• [Data excerpt]
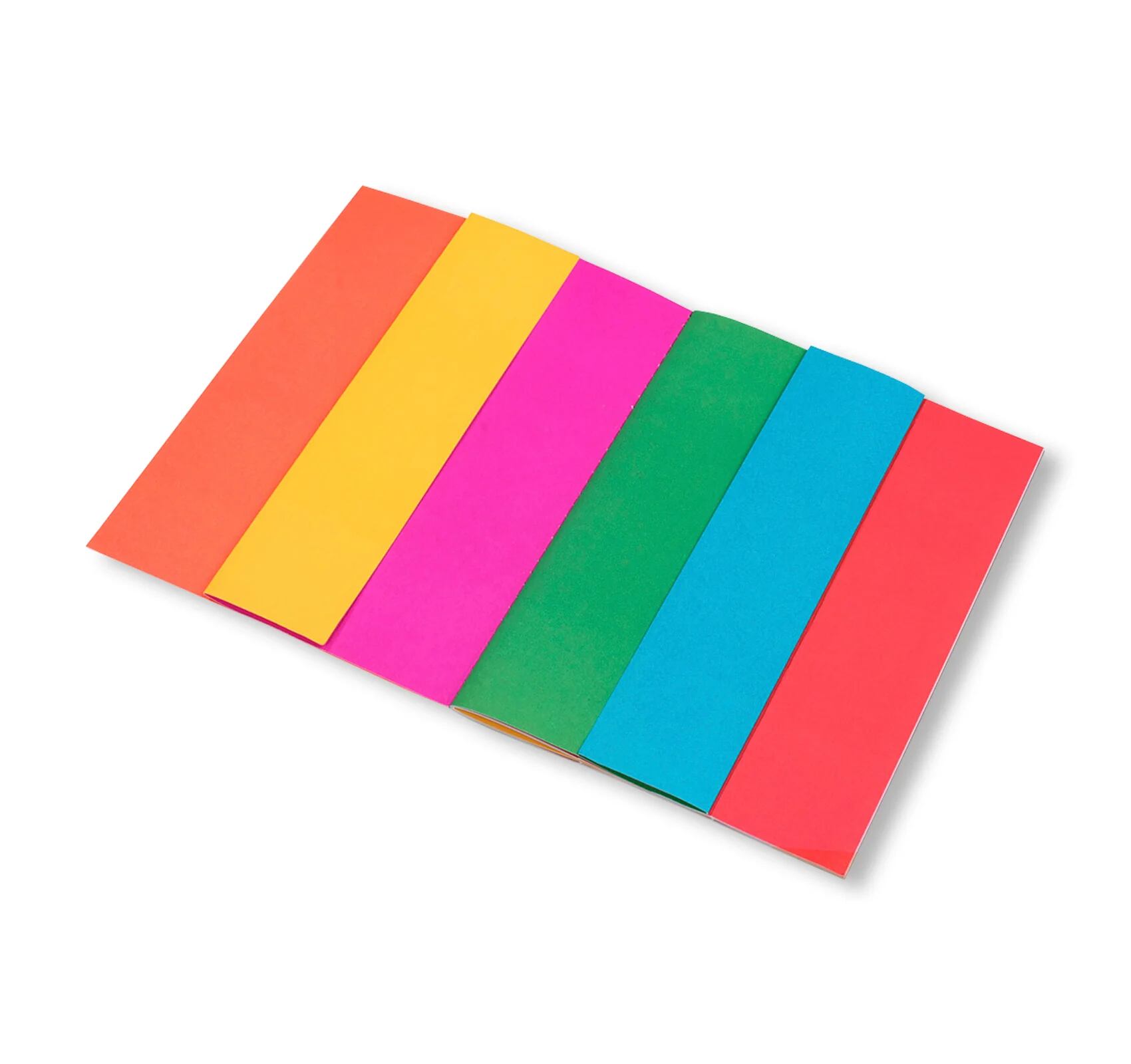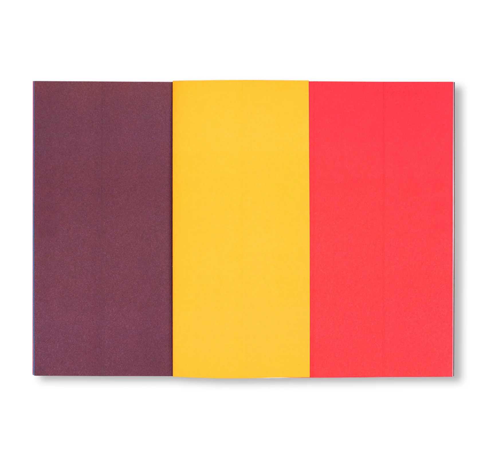 各ページは一見すると単色のベタ刷りですが、縦方向に2本の折り目が入れられており、ページを3つのストリップ(帯状の部分)に分けて自由に折り曲げ・組み合わせることができます。
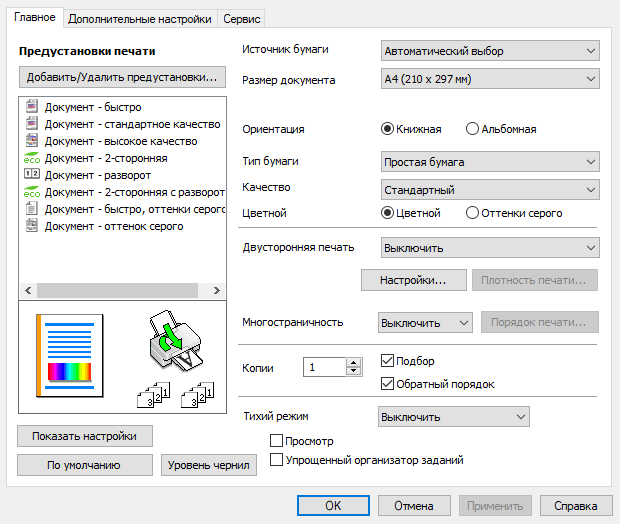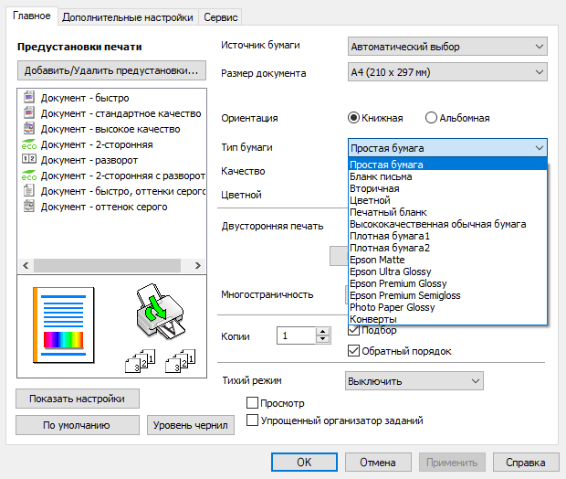 Тихий режим можно включить для любого качества, при этом скорость печати уменьшается примерно в четыре раза, зато шум снижается заметно (насколько — уточним далее). Но при выборе некоторых носителей — фотобумаги, конвертов — тихий режим становится недоступным.
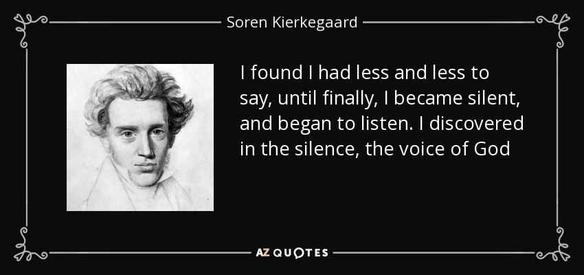 “I found I had less and less to say, until finally, I became silent, and began to listen. I discovered in the silence, the voice of God” – Soren Kierkegaard
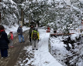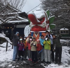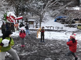 そして、12月27日の活動⽇当⽇、叡電きららにて⼦どもたちと乗り合わせて(出町柳から鞍⾺)⽐叡⼭に向かいました。当⽇はとても寒く、⼭に近づくほど雪景⾊になっていき、⼦どもたちとその景⾊を楽しみました。⽬的地に到着した後は、メンバーが全員揃うまでの間、しばらく雪合戦や雪だるま作りなど雪遊びを楽しみ、登⼭に向かいました。子どもたちは、⼭道の中でもつららを取ったり、積もった雪の中にダイブしたりと、道中でも全員元気いっぱいで⾃然を楽しんでいました。

• [Your objective] With the images omitted, repeat all the data word for word.

• [Solution to this exercise]
 各ページは一見すると単色のベタ刷りですが、縦方向に2本の折り目が入れられており、ページを3つのストリップ(帯状の部分)に分けて自由に折り曲げ・組み合わせることができます。
 Тихий режим можно включить для любого качества, при этом скорость печати уменьшается примерно в четыре раза, зато шум снижается заметно (насколько — уточним далее). Но при выборе некоторых носителей — фотобумаги, конвертов — тихий режим становится недоступным.
 “I found I had less and less to say, until finally, I became silent, and began to listen. I discovered in the silence, the voice of God” – Soren Kierkegaard
 そして、12月27日の活動⽇当⽇、叡電きららにて⼦どもたちと乗り合わせて(出町柳から鞍⾺)⽐叡⼭に向かいました。当⽇はとても寒く、⼭に近づくほど雪景⾊になっていき、⼦どもたちとその景⾊を楽しみました。⽬的地に到着した後は、メンバーが全員揃うまでの間、しばらく雪合戦や雪だるま作りなど雪遊びを楽しみ、登⼭に向かいました。子どもたちは、⼭道の中でもつららを取ったり、積もった雪の中にダイブしたりと、道中でも全員元気いっぱいで⾃然を楽しんでいました。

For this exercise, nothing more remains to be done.